■ Task details: The expected answer is the full listing, repeated exactly and free of images.

■ Recorded data:
________________

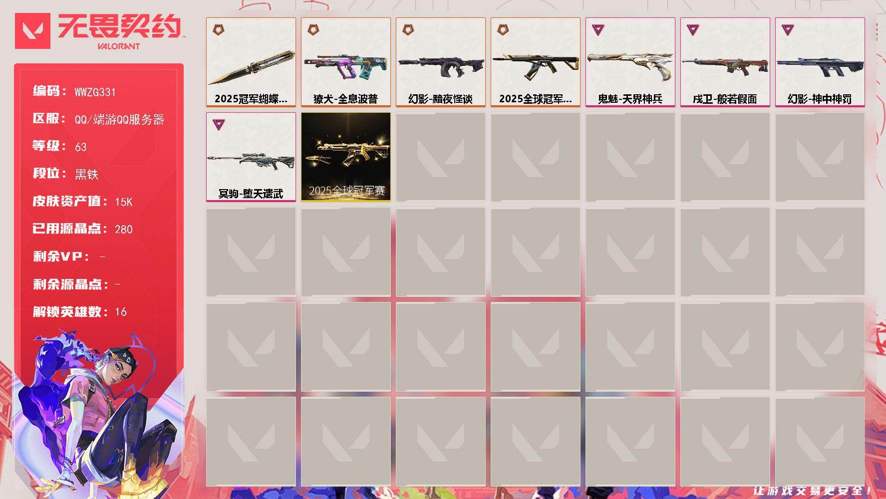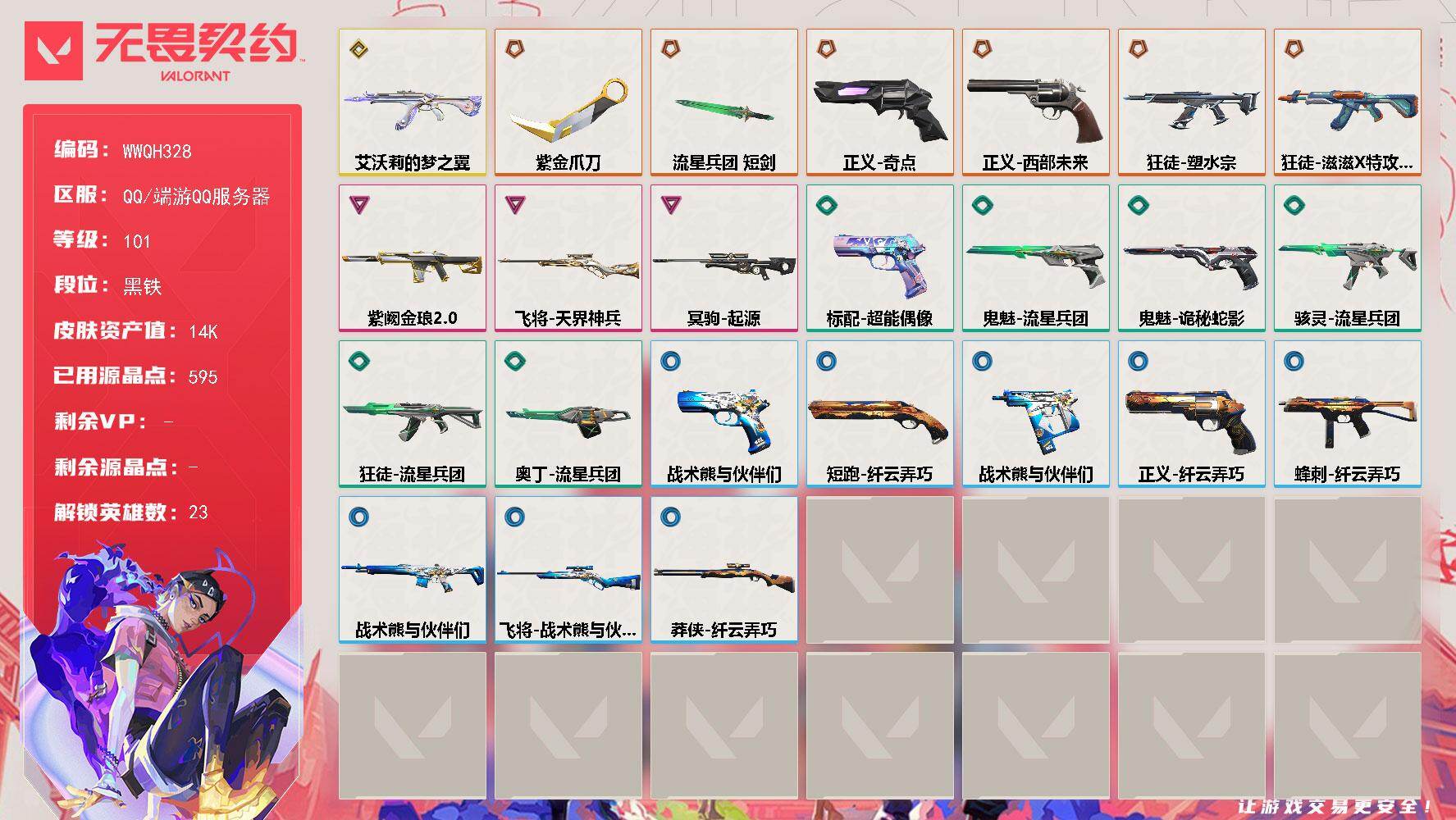 皮肤资产价值:105300 | 定海神珍,超限闪存匕首,诡秘蛇影军刀,镭切,魔术火花,侦察力量蝴蝶刀,机动狂飙战刀,2025全球冠军赛蝴蝶刀,荒土机兵热能刀,日耀风暴遗器,离子武器2.0爪刀,无畏契约季前邀请赛悲悯之刃,澄湖潋滟,神罚2.0战锤 | 奇点幻影,混沌序曲2.0幻影,纳米打击幻影,超限闪存幻影,侦察力量幻影,奇幻朋克3.0幻影,神圣领域幻影,归零者2.0幻影,末日之翼幻影,掠影2.0幻影 | 奇幻朋克3.0狂徒,上古龙炎狂徒,紫阙金琅狂徒,2025全球冠军赛狂徒,偃月苍龙狂徒,光荣异象狂徒,堕天遗武狂徒,机动狂飙狂徒,混沌序曲狂徒,艾沃莉的梦之翼狂徒,RGX11zPro狂徒,光明哨兵狂徒,诡秘蛇影狂徒,滋滋X特攻队狂徒,塑水宗狂徒,日冕雄师狂徒,魄月玄兔狂徒,荒土机兵狂徒,创·纪元狂徒,掠影狂徒 | 奇点正义,创·纪元正义,纳米打击正义,超限闪存正义,月球哨兵正义,离子武器正义 | 神罚标配,浮光跃金标配,荒土机兵标配,紫阙金琅标配,折光棱晶标配 | 模拟赫兹鬼魅,天界神兵鬼魅,诡秘蛇影鬼魅 | 堕天遗武冥驹,千灵华绽冥驹,模拟赫兹冥驹 | 末日之翼奥丁,纳米打击奥丁 | 月球哨兵戍卫,浮光跃金戍卫,天界神兵戍卫,逆冲蛮牛戍卫,折光棱晶戍卫 | 模拟赫兹獠犬,神圣领域獠犬 | 月球哨兵莽侠,超限闪存莽侠,创·纪元莽侠,诡秘蛇影莽侠 | 诡秘蛇影判官,纳米打击判官,千灵华绽判官 | 创·纪元骇灵,浮光跃金骇灵,星云暗涌骇灵,荒土机兵骇灵 | 天界神兵蜂刺,折光棱晶蜂刺,超限闪存蜂刺 | 末日之翼短炮 | 神圣领域战神,浮光跃金战神 | 末日之翼飞将 | 模拟赫兹雄鹿,逆冲蛮牛雄鹿,月球哨兵雄鹿 | 神圣领域狂怒,逆冲蛮牛狂怒 | 【买号找回永久包赔】
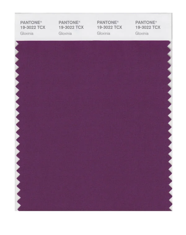 Gloxinia is a deep and rich color from the Pantone TCX collection, identified by the code 19-3022 TCX. This warm tone with its balanced character makes it an excellent choice for bold fashion, energetic branding, and statement design.
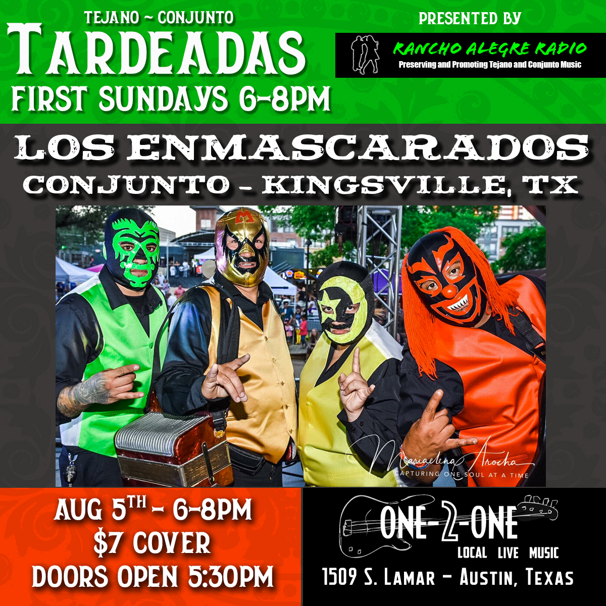 Sunday August 5th at One-2-One Bar, join Rancho Alegre Radio as we welcome back Los Enmascarados back to Austin!
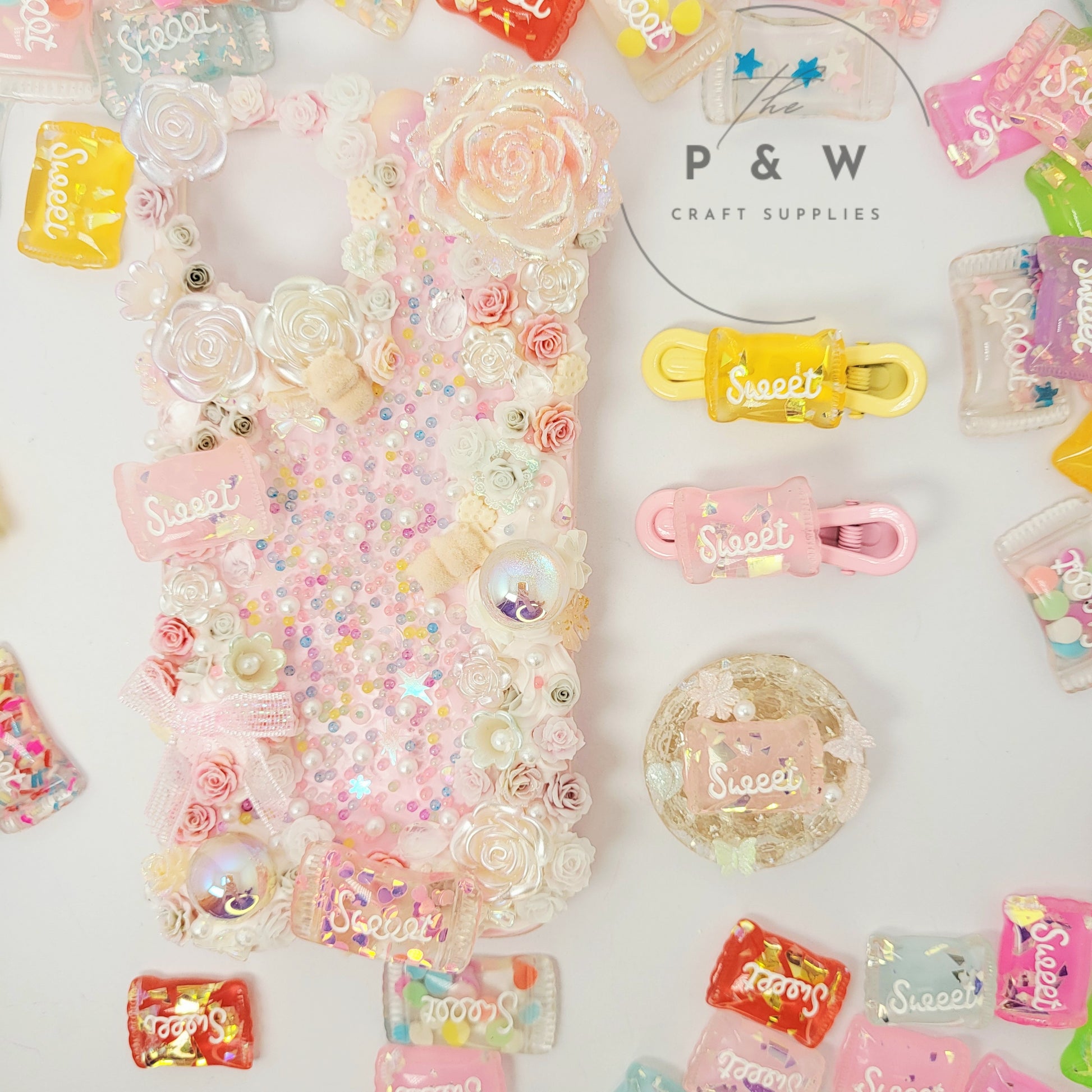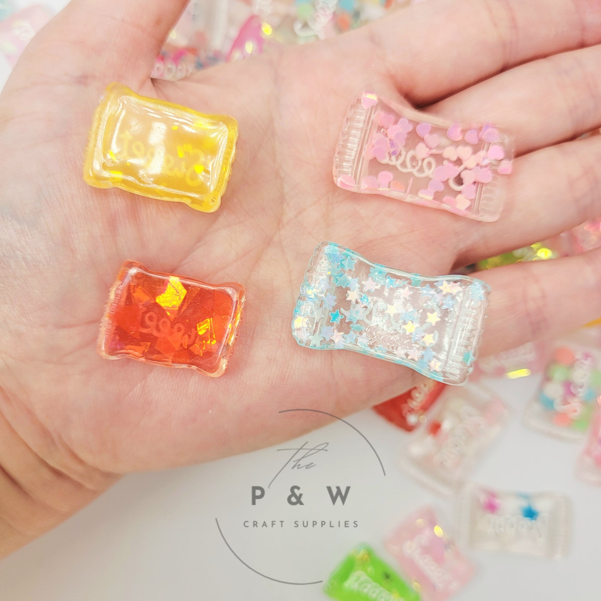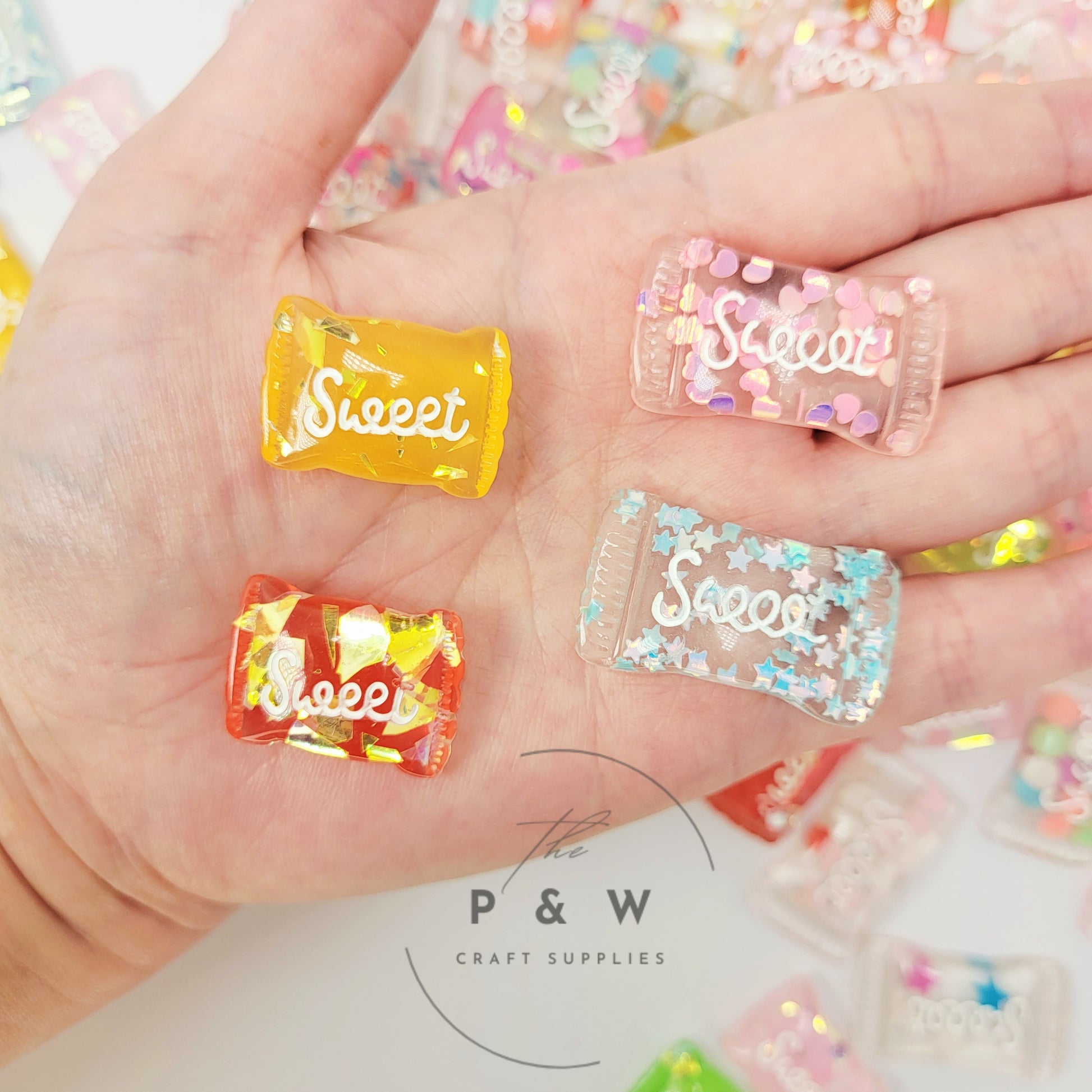 Add a playful sparkle to your crafts with these sweet candy-inspired resin flatbacks! Each piece looks like a wrapped candy, filled with glitter, sequins, or confetti for an extra fun effect. Perfect for kawaii DIY projects, phone case deco, jewelry, slime charms, and more.

________________

■ Your solution:
 皮肤资产价值:105300 | 定海神珍,超限闪存匕首,诡秘蛇影军刀,镭切,魔术火花,侦察力量蝴蝶刀,机动狂飙战刀,2025全球冠军赛蝴蝶刀,荒土机兵热能刀,日耀风暴遗器,离子武器2.0爪刀,无畏契约季前邀请赛悲悯之刃,澄湖潋滟,神罚2.0战锤 | 奇点幻影,混沌序曲2.0幻影,纳米打击幻影,超限闪存幻影,侦察力量幻影,奇幻朋克3.0幻影,神圣领域幻影,归零者2.0幻影,末日之翼幻影,掠影2.0幻影 | 奇幻朋克3.0狂徒,上古龙炎狂徒,紫阙金琅狂徒,2025全球冠军赛狂徒,偃月苍龙狂徒,光荣异象狂徒,堕天遗武狂徒,机动狂飙狂徒,混沌序曲狂徒,艾沃莉的梦之翼狂徒,RGX11zPro狂徒,光明哨兵狂徒,诡秘蛇影狂徒,滋滋X特攻队狂徒,塑水宗狂徒,日冕雄师狂徒,魄月玄兔狂徒,荒土机兵狂徒,创·纪元狂徒,掠影狂徒 | 奇点正义,创·纪元正义,纳米打击正义,超限闪存正义,月球哨兵正义,离子武器正义 | 神罚标配,浮光跃金标配,荒土机兵标配,紫阙金琅标配,折光棱晶标配 | 模拟赫兹鬼魅,天界神兵鬼魅,诡秘蛇影鬼魅 | 堕天遗武冥驹,千灵华绽冥驹,模拟赫兹冥驹 | 末日之翼奥丁,纳米打击奥丁 | 月球哨兵戍卫,浮光跃金戍卫,天界神兵戍卫,逆冲蛮牛戍卫,折光棱晶戍卫 | 模拟赫兹獠犬,神圣领域獠犬 | 月球哨兵莽侠,超限闪存莽侠,创·纪元莽侠,诡秘蛇影莽侠 | 诡秘蛇影判官,纳米打击判官,千灵华绽判官 | 创·纪元骇灵,浮光跃金骇灵,星云暗涌骇灵,荒土机兵骇灵 | 天界神兵蜂刺,折光棱晶蜂刺,超限闪存蜂刺 | 末日之翼短炮 | 神圣领域战神,浮光跃金战神 | 末日之翼飞将 | 模拟赫兹雄鹿,逆冲蛮牛雄鹿,月球哨兵雄鹿 | 神圣领域狂怒,逆冲蛮牛狂怒 | 【买号找回永久包赔】
 Gloxinia is a deep and rich color from the Pantone TCX collection, identified by the code 19-3022 TCX. This warm tone with its balanced character makes it an excellent choice for bold fashion, energetic branding, and statement design.
 Sunday August 5th at One-2-One Bar, join Rancho Alegre Radio as we welcome back Los Enmascarados back to Austin!
 Add a playful sparkle to your crafts with these sweet candy-inspired resin flatbacks! Each piece looks like a wrapped candy, filled with glitter, sequins, or confetti for an extra fun effect. Perfect for kawaii DIY projects, phone case deco, jewelry, slime charms, and more.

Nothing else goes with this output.